- Directed by: William Nigh
- Screenplay by: Sam Robins Harvey Gates Jack Henley
- Story by: Martin Mooney
- Produced by: Sam Katzman (producer) Barney A. Sarecky (associate producer) Jack Dietz (producer)
- Starring: East Side Kids
- Cinematography: Arthur Reed
- Edited by: Carl Pierson
- Distributed by: Monogram Pictures
- Release date: February 20, 1942;
- Running time: 70 minutes
- Country: United States
- Language: English

= Mr. Wise Guy =

1942 film by William Nigh

Mr. Wise Guy is a 1942 American film starring The East Side Kids and directed by William Nigh.

==Plot==
In New York, the East Side youth gang, consisting of: Muggs McGinnis, Danny Collins, Glimpy Stone, Scruno, Skinny, and Peewee are falsely arrested on the wharf because the truck they are playing in was stolen. They are remanded to Wilton Reform School, where Muggs, the wise-cracking leader of the gang, is dubbed "Mr. Wise Guy" by the brutal guard Jed Miller.

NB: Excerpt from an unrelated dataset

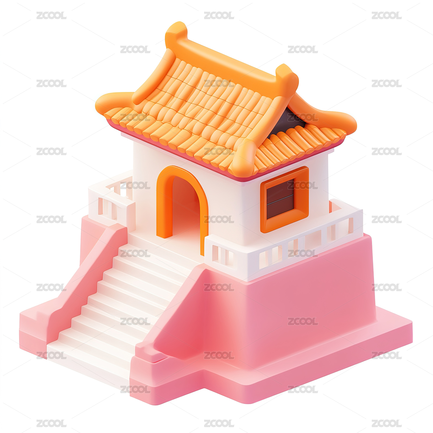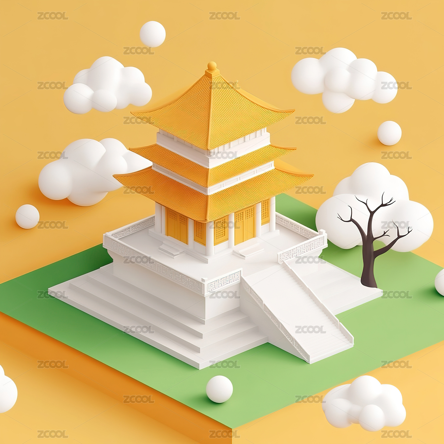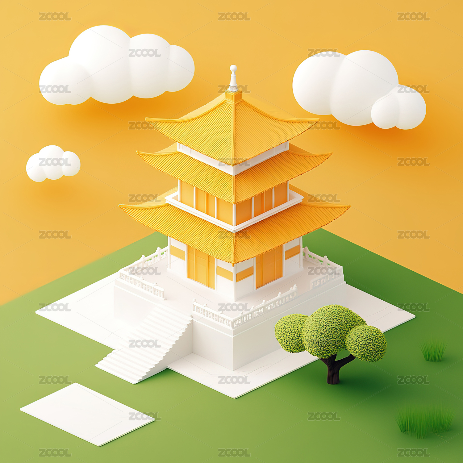 3D渲染中国风古建筑琉璃材质中式阁楼元素

Jim Barnes, the new warden, reassures Danny's older brother Bill, who has bad memories of the school from when he served as a guard there, that his testimony describing the place's cruelty eventually resulted in the dismissal of the former warden and the adoption of gentler rules. Bill is given a tour of the school by Barnes's secretary, Ann Mitchell, and later takes her out to dinner.

That night, while Bill buys cigarettes in a drugstore, escaped convict Luke Manning robs the place and murders the clerk. Manning takes Bill hostage in his car and forces him to lead the police on a chase. Manning escapes when Bill crashes the car, and Bill is later convicted of robbery and murder and sentenced to execution.

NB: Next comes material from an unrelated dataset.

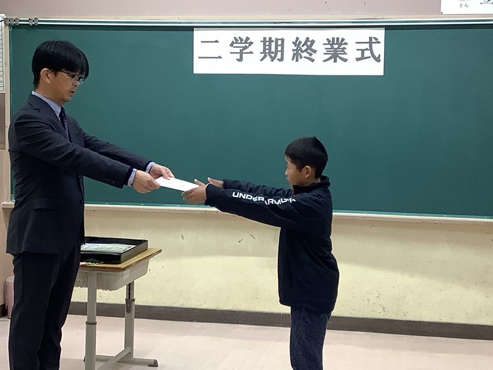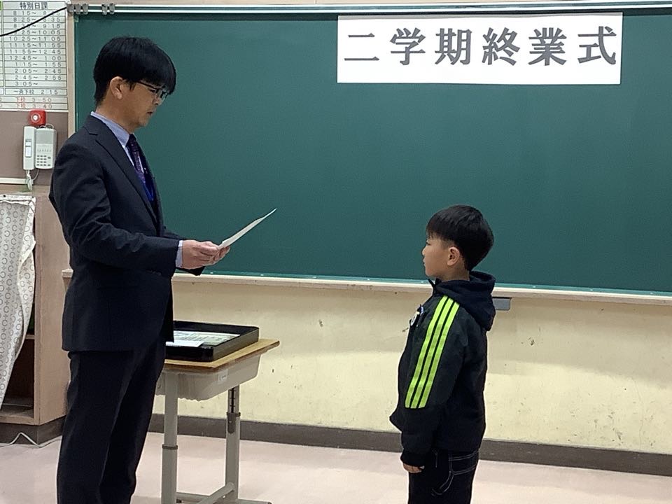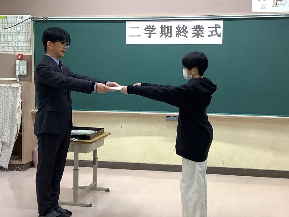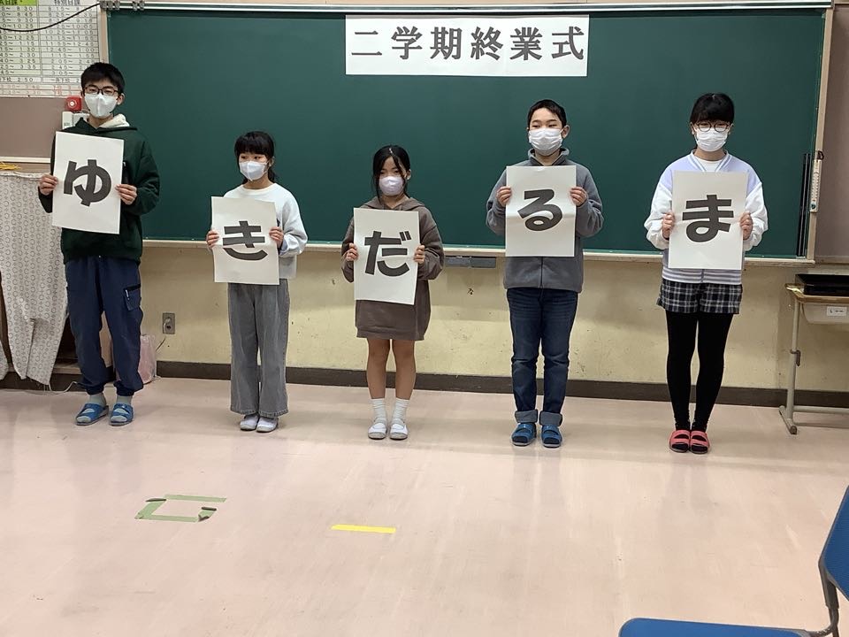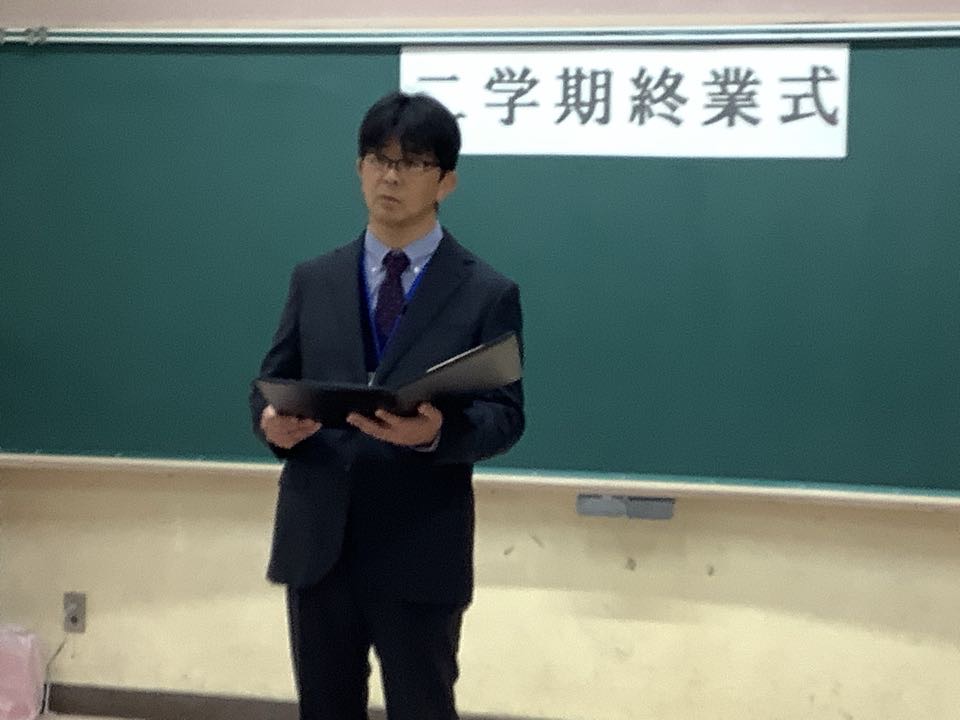残念ながら体調を崩して欠席している人が多いので、体育館ではなく、テレビ放送による終業式を行いました。

In the reform school, the boys have been battling with two toughs, "Rice Pudding" Charlie and Chalky Jones, but when Barnes witnesses Miller encouraging a fistfight, he demands Miller's resignation. Chalky tries to get the kids in trouble by informing Barnes of their plans to run away, but in an effort to establish a code of honor, Barnes punishes Chalky for being an informer.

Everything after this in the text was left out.